Introduction to nussl¶
In this section, we will explore many source separation approaches through nussl
, which is an open source python project featuring implementations of many methods. [MSP18]
Why nussl?¶
As we saw in the Map of Open-Source Source Separation Projects section, there are a lot of open source projects for source separation. We certainly don’t want do dissuade you from using those projects, because they contain a ton of amazing work. But why aren’t we teaching each of those repositories? Why are we only teaching nussl
in this tutorial?
nussl contains over a dozen source separation algorithms:
nussl has ready-to-go implementations of classic and modern source separation algorithms. Learning nussl will give you access to all of them.

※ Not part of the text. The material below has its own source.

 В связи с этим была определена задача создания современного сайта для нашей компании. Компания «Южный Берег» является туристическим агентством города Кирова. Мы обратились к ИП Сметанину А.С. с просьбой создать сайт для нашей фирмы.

In contrast, most of the open source projects for source separation only contain one type of algorithm.
nussl is useful throughout the life cycle of a source separation algorithm:
With nussl, all of the code you need for training, evaluating, running, and interacting with the algorithms is included. Learning nussl means learning only one tool for all the individual steps necessary for source separation.
nussl supports common datasets:
Whether for speech or for music, nussl one-stop-shop to interact with the most common datasets in the field.

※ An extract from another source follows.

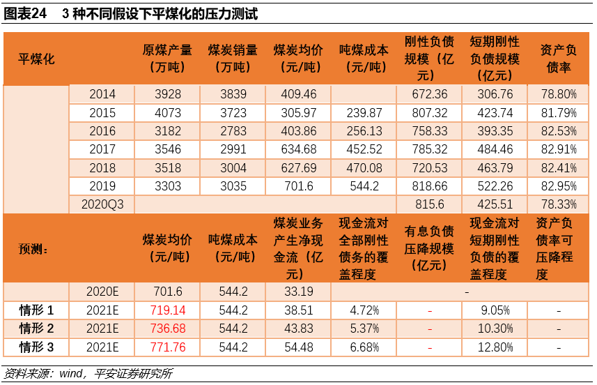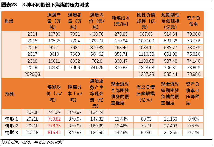 (2)三种假设情形下,2021年焦煤煤炭业务产生的净现金流对其短期刚性债务的覆盖率分别为25.16%、27.40%和31.86%。如果假设其2021年融资成本不变,则以其煤炭业务产生的现金流在三种假设情形下分别可以承受短期刚性负债压降60.63亿、73.71亿和99.86亿,对应其整体资产负债率可以下降0.46%、0.57%和0.77%。

nussl is easily extendable:
Don’t see what you like? nussl has a clear API to make it your own. We’ll learn how to do this throughout the tutorial.
nussl is well-documented, well-tested, and actively maintained:
Many of open source projects were created to produce research results in a scientific paper. Each one might have a different API and might require digging through the code base to learn. nussl has documentation ready to go and is designed to be clear and concise. It also has 100% complete test coverage that gets run on every push.
Installing nussl¶
You can install nussl through pip like so:
pip install nussl
In this tutorial, nussl is installed through the common
utility library. This library was specifically created for the tutorial and will provide functions for us to visualize and interact with audio. It will also install nussl
and scaper
into the notebook environments for use on these pages.
nussl Resources¶
This tutorial will guide you through using nussl, but for further details see the following links:
nussl Basics¶
First, let’s cover the basics of nussl
. This section is adapted from the Introduction Section of the nussl
documentation.
AudioSignals¶
The nussl.AudioSignal()
object is the main container for all things related to your audio data. It provides a lot of helpful utilities to make it easy to manipulate your audio. Because it is at the heart of all of the source separation algorithms in nussl, it is crucial to understand how it works. Here we provide a brief introduction to many common tasks.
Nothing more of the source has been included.